It can be understood that the fault analysis device in this embodiment may perform image feature extraction on the image monitoring data after preprocessing by performing preprocessing on the image monitoring data, and accurately identify whether an abnormality exists in the monitored image of the target liquid supply skid by using the extracted image feature vector and the initial feature vector, and if the abnormality exists, locate the fault based on the image feature difference information.
In a specific implementation, the fault analysis device may perform rasterization processing on a monitored image corresponding to the image monitored data to obtain a plurality of target grids, perform feature extraction on the plurality of target grids respectively to obtain target grid feature vectors corresponding to each target grid, extract an initial image in a pre-constructed image feature library, perform raster processing on the initial image to obtain a plurality of initial grids, perform feature extraction on the plurality of initial grids respectively to obtain an initial grid feature vector, and compare the target grid feature vector with the initial grid feature vector based on pixel coordinates of each target grid and pixel coordinates of each initial grid to obtain feature difference information between each target grid and each initial grid.
According to the embodiment, image feature extraction is carried out on the image monitoring data to obtain image feature vectors corresponding to the modules, initial feature vectors corresponding to the modules are obtained based on a pre-constructed image feature library, the image feature vectors are compared with the initial feature vectors to obtain image feature difference information, and fault analysis is carried out on the target liquid supply sledge based on the image feature difference information; because the image monitoring is carried out on the target liquid supply sledge, the image feature extraction is carried out on the collected image monitoring data, and the image feature vector is compared with the initial feature vector in the image feature library, so that the image feature difference information is obtained, whether the target liquid supply sledge has faults or not is accurately judged based on the image feature difference information, and therefore the fault analysis efficiency and the timeliness of the fault analysis are improved.
In addition, the embodiment of the invention also provides a storage medium, wherein the storage medium is stored with a liquid supply sledge fault analysis program, and the liquid supply sledge fault analysis program realizes the steps of the liquid supply sledge fault analysis method when being executed by a processor.
Because the storage medium adopts all the technical solutions of all the embodiments, at least all the beneficial effects brought by the technical solutions of the embodiments are not described in detail herein.
Referring to fig. 6, fig. 6 is a block diagram illustrating a first embodiment of a fluid supply skid failure analysis apparatus according to the present invention.
As shown in fig. 6, the device for analyzing a liquid supply skid fault according to the embodiment of the present invention includes:
the data monitoring module 10 is used for performing operation monitoring on each module of the target liquid supply sledge to obtain original monitoring data corresponding to each module;
the feature extraction module 20 is configured to perform feature extraction on the original monitoring data, so as to obtain a data feature value corresponding to each original monitoring data;
a threshold comparison module 30, configured to compare each of the data feature values with a monitoring threshold corresponding to each of the modules;
the fault analysis module 40 is configured to determine operation state information of each module based on the comparison result, and perform fault analysis on the target liquid supply sledge based on the operation state information;
and the fault early warning module 50 is used for carrying out early warning based on the fault analysis result of the target liquid supply sledge.

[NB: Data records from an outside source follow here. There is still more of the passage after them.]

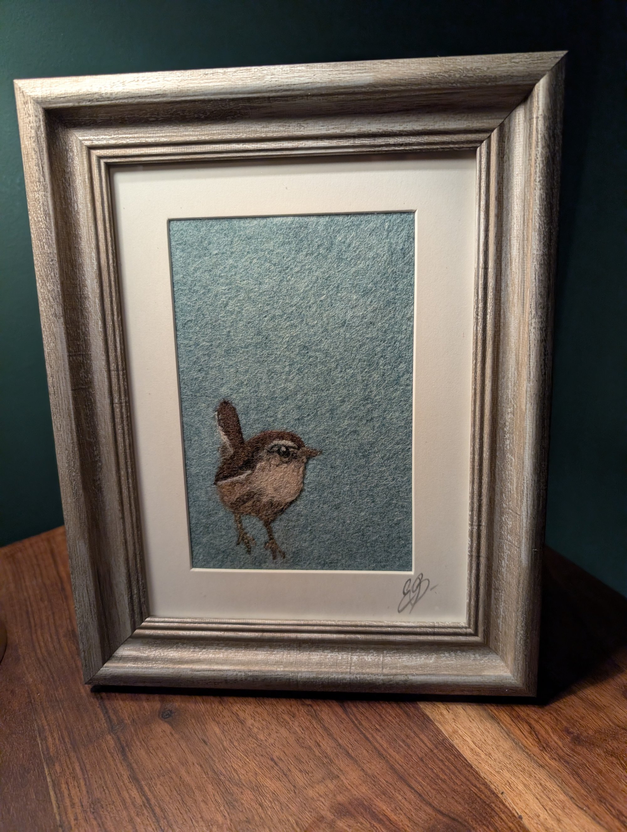 Original needle felt art featuring a wren on a duck egg blue felt background.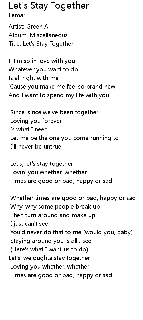 | Let's, let's stay together | |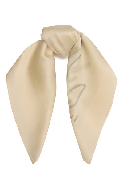 Бежевый квадратный платок можно повязать на шею, на запястье, как браслет, или обернуть им ручку любимой сумки. Аксессуар с крупным логотипом бренда, словно написанным простым карандашом от руки, создали из нежного шелка. Исключительно приятный на ощупь материал обладает благородным блеском, который не потеряется со временем.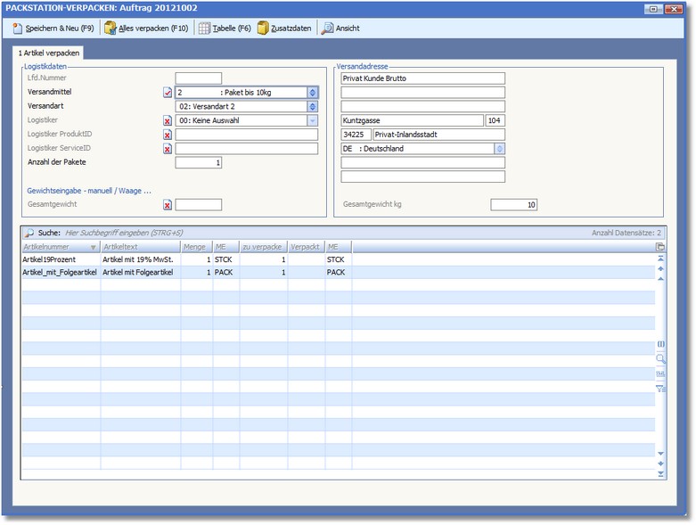 Navigation:  Warenwirtschaft > Lagerverwaltung > Lager-/Logistikcenter > Packstation > Verpacken >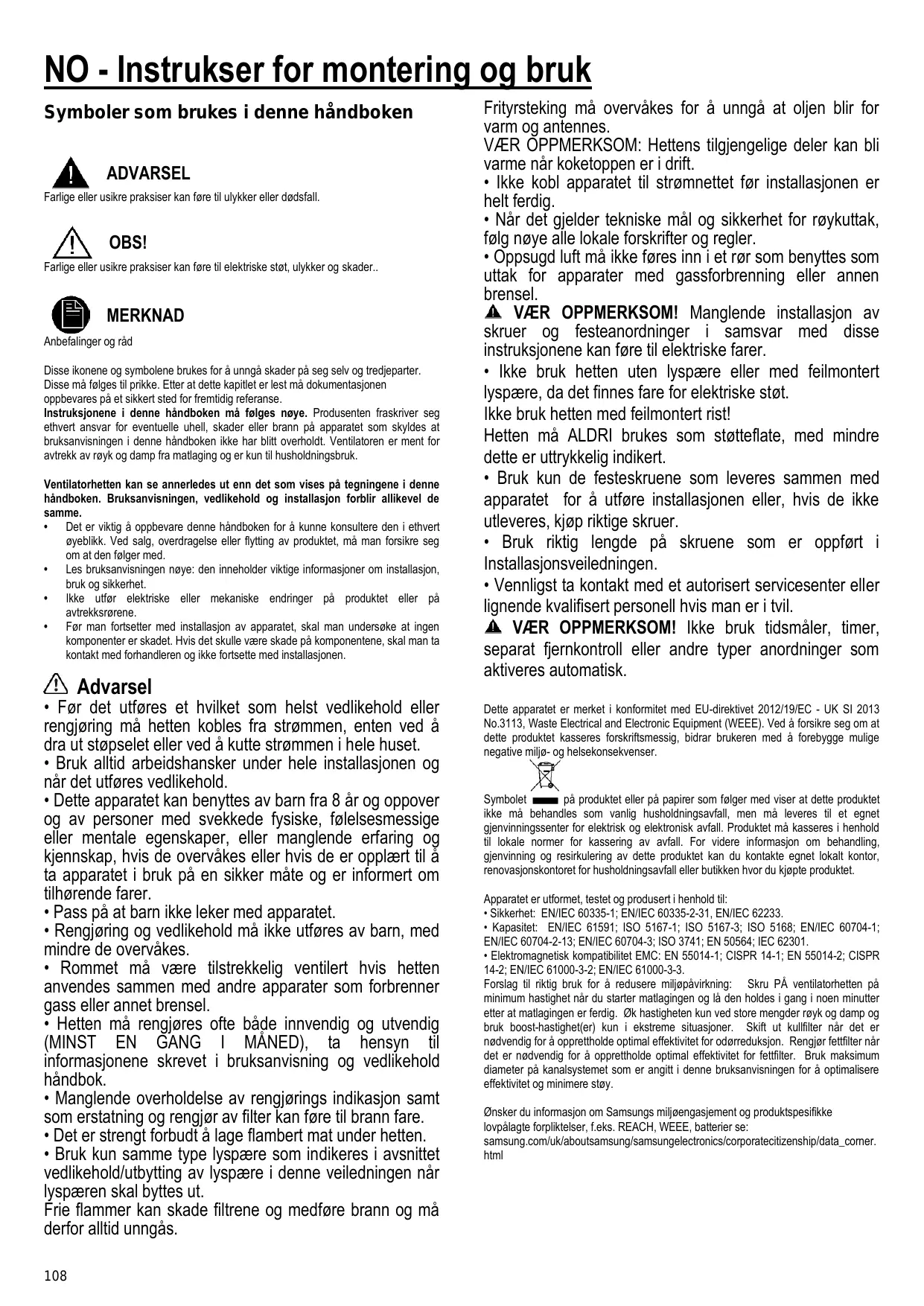 Symbolet på produktet eller på papirer som følger med viser at dette produktet ikke må behandles som vanlig husholdningsavfall, men må leveres til et egnet gjenvinningssenter for elektrisk og elektronisk avfall. Produktet må kasseres i henhold til lokale normer for kassering av avfall. For videre informasjon om behandling, gjenvinning og resirkulering av dette produktet kan du kontakte egnet lokalt kontor, renovasjonskontoret for husholdningsavfall eller butikken hvor du kjøpte produktet. Apparatet er utformet, testet og produsert i henhold til: • Sikkerhet: EN/IEC 60335-1; EN/IEC 60335-2-31, EN/IEC 62233. • Kapasitet: EN/IEC 61591; ISO 5167-1; ISO 5167-3; ISO 5168; EN/IEC 60704-1; EN/IEC 60704-2-13; EN/IEC 60704-3; ISO 3741; EN 50564; IEC 62301. • Elektromagnetisk kompatibilitet EMC: EN 55014-1; CISPR 14-1; EN 55014-2; CISPR 14-2; EN/IEC 61000-3-2; EN/IEC 61000-3-3. Forslag til riktig bruk for å redusere miljøpåvirkning: Skru PÅ ventilatorhetten på minimum hastighet når du starter matlagingen og lå den holdes i gang i noen minutter etter at matlagingen er ferdig. Øk hastigheten kun ved store mengder røyk og damp og bruk boost-hastighet(er) kun i ekstreme situasjoner. Skift ut kullfilter når det er nødvendig for å opprettholde optimal effektivitet for odørreduksjon. Rengjør fettfilter når det er nødvendig for å opprettholde optimal effektivitet for fettfilter. Bruk maksimum diameter på kanalsystemet som er angitt i denne bruksanvisningen for å optimalisere effektivitet og minimere støy. Ønsker du informasjon om Samsungs miljøengasjement og produktspesifikke lovpålagte forpliktelser, f.eks. REACH, WEEE, batterier se: samsung.com/uk/aboutsamsung/samsungelectronics/corporatecitizenship/data_corner. html

Further, the fault analysis module 40 is further configured to determine a difference between the data characteristic value and the monitoring threshold value based on the comparison result; judging whether the difference value is within a preset error range or not; if the difference value is not in the preset error range, inputting the difference value into a pre-constructed operation analysis model to obtain operation state information of each module, and performing fault analysis on the target liquid supply sledge based on the operation state information; if the difference value is within a preset error range, determining difference value fluctuation trend information based on the operation monitoring result of the target liquid supply sledge, inputting the difference value fluctuation trend information into the operation analysis model to obtain operation trend information of each module, and performing fault analysis on the target liquid supply sledge based on the operation trend information.
Further, the liquid supply sledge fault analysis device further includes:
the model building module 60 is configured to obtain historical fault data and expert data of the target liquid supply sledge; constructing a training set based on the historical fault data and expert data; and training the original model based on the training set to obtain an operation analysis model.
Further, the feature extraction module 20 is further configured to aggregate the original monitoring data corresponding to each module, so as to obtain the aggregated original monitoring data; and carrying out feature extraction on the aggregated original monitoring data based on a pre-constructed feature library to obtain data feature values corresponding to the original monitoring data.
Further, the feature extraction module 20 is further configured to perform noise reduction processing on the original monitoring data corresponding to each module, so as to obtain candidate data corresponding to each module; extracting signal characteristics of original monitoring data corresponding to each module to obtain signal characteristic information; and carrying out aggregation processing on the original monitoring data corresponding to each module based on the signal characteristic information to obtain the aggregated original monitoring data.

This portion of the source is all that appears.